Gorlin–Goltz syndrome - PTCH1 gene - basal cell carcinoma syndrome

Introduction

Gorlin–Goltz syndrome, also known as nevoid basal cell carcinoma syndrome (NBCCS), is an autosomal dominant illness characterized by multisystemic developmental defects caused by pathogenic variants such as patched-1 (PTCH1) gene and/or SUFU gene variants. It is predicted to affect 1 in 30,827 to 1 in 256,000 people globally, with a preference for Caucasians. However, it affects both men and women equally.[1] [2] Jarish and White originally described the syndrome in 1894, and it was later dubbed Gorlin–Goltz syndrome when Gorlin and Goltz gathered its signs and symptoms.[3] [4]
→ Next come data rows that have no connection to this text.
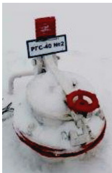
Рисунок 3 – Фотография горловины и заводского номера резервуара стального горизонтального цилиндрического РГС-40, заводской номер 2

Пломбирование резервуаров стальных горизонтальных цилиндрических РГС-40 не предусмотрено.
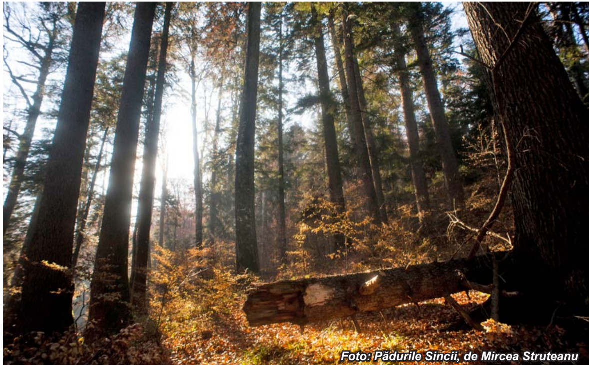
Foto: Pădurile Sincii
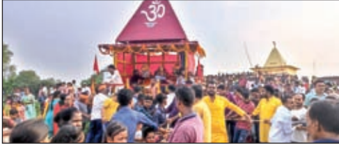
भगवान जगन्नाथ की पूजा अर्चना करते लोग, रथ मेला में पहुंचे लोग, भगवान जगन्नाथ के रथ को खींचकर मौसी बाड़ी ले जाते लोग

खबर मन्त्र संवाददाता गुमला। गुमला जिला के विभिन्न स्थानों पर सोमवार को रथ यात्रा सह मेला का आयोजन किया गया। रथ में भगवान जगन्नाथ, बहन सुभद्रा व भाई बलराम को धार्मिक अनुष्ठान के साथ स्थापित कर मौसी बाड़ी पहुंचाया गया। सोमवार की अहले सुबह से ही करौंदी व नागफेनी मंदिर में भगवान जगन्नाथ
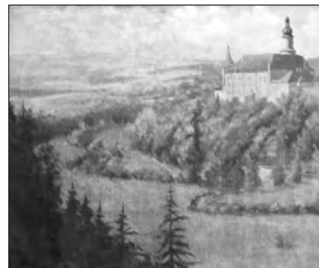
Novoměstský zámek, olej
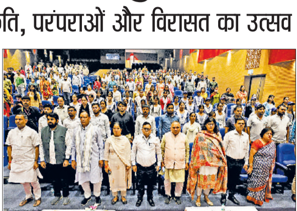
सोनीपत। कार्यक्रम में पहुंचे प्रशासनिक अधिकारी व नेतागण।
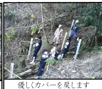
優しくカバーを戻します

お知らせ HPIに掲載中です。・グランドデザイン・学校だより・柚野中部活動ガイドライン・危機対応マニュアル・学校いじめ防止基本方針・自転車安全利用5則・出席停止について(解除の様式等)
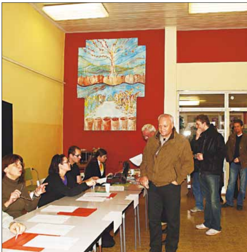
V prvom kole bola volebná účasť v Bratislavskom kraji 19,46 %.

Zvyšných trinásť pozícií - namiesto terajších päťdesiatich bude v novom parlamente zasadať 44 poslancov - obsadia víťazi zo zvyšných desiatich obvodov na území regiónu, spadajúcich pod okresy Senec, Pezinok a Malacky.
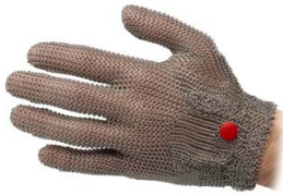
Gant sans manchette Glove without cuff

The presence of either two main criteria or one major and two minor criteria is required for the diagnosis of Gorlin and Goltz syndromes ([Table 1]). Recently, a major criterion of molecular confirmation has been proposed.[1] [3] [5] [6]

Table 1

Diagnostic criteria for nevoid basal cell carcinoma syndrome (adapted from Bresler et al[1])

Major criteria

1. Basal cell carcinoma before 20 years of age or excessive numbers of basal cell carcinomas out of proportion to prior sun exposure and skin type

2. Keratocystic odontogenic tumor before 20 years of age

3. Palmar or plantar pitting

4. Lamellar calcification of the falx cerebri

5. Medulloblastoma, typically desmoplastic

Minor criteria

1. Rib abnormalities

2. Other specific skeletal malformations and radiologic changes (i.e., vertebral anomalies,

kyphoscoliosis, short fourth metacarpals, postaxial polydactyly)

3. Macrocephaly

4. Cleft lip or palate

5. Ovarian or cardiac fibroma

6. Lymphomesenteric cysts

7. Ocular abnormalities (i.e., strabismus, hypertelorism, congenital cataracts, glaucoma, coloboma)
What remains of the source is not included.